On Mon, Jun 23, 2014 at 11:28 AM, Andres Freund <andres@2ndquadrant.com> wrote:
>> Oh, great. Somehow I missed the fact that that had been addressed. I
>> had assumed that we still needed global identifiers in which case I
>> think they'd need to be 64+ bits (preferably more like 128). If they
>> only need to be locally significant that makes things much better.
>
> Well, I was just talking about the 'short ids' here and how they are
> used in crash recovery/shmem et al. Those indeed don't need to be
> coordinated.
> If you ever use logical decoding on a system that receives changes from
> other systems (cascading replication, multimaster) you'll likely want to
> add the *long* form of that identifier to the output in the output
> plugin so the downstream nodes can identify the source. How one
> specific replication solution deals with coordinating this between
> systems is essentially that suite's problem.
OK.
> The external identifier currently is a 'text' column, so essentially
> unlimited. (Well, I just noticed that the table currently doesn't have a
> toast table assigned, so it's only a couple kb right now, but ...)
OK. I have no clear reason to dislike that.

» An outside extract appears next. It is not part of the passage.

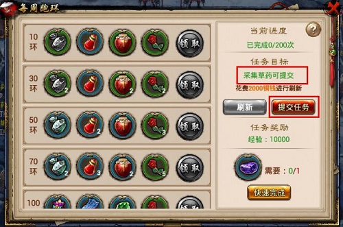 每周最多可完成200环任务,每周一0:00当前任务进度和可领取奖励会清空

>> Is there any real reason to add a pg_replication_identifier table, or
>> should we just let individual replication solutions manage the
>> identifiers within their own configuration tables?
>
> I don't think that'd work. During crash recovery the short/internal IDs
> are read from WAL records and need to be unique across *all*
> databases. Since there's no way for different replication solutions or
> even the same to coordinate this across databases (as there's no way to
> add shared relations) it has to be builtin.
That makes sense.
> It's also useful so we can have stuff like the
> 'pg_replication_identifier_progress' view which tells you internal_id,
> external_id, remote_lsn, local_lsn. Just showing the internal ID would
> imo be bad.
OK.
>> I guess one
>> question is: What happens if there are multiple replication solutions
>> in use on a single server? How do they coordinate?
>
> What's your concern here? You're wondering how they can make sure the
> identifiers they create are non-overlapping?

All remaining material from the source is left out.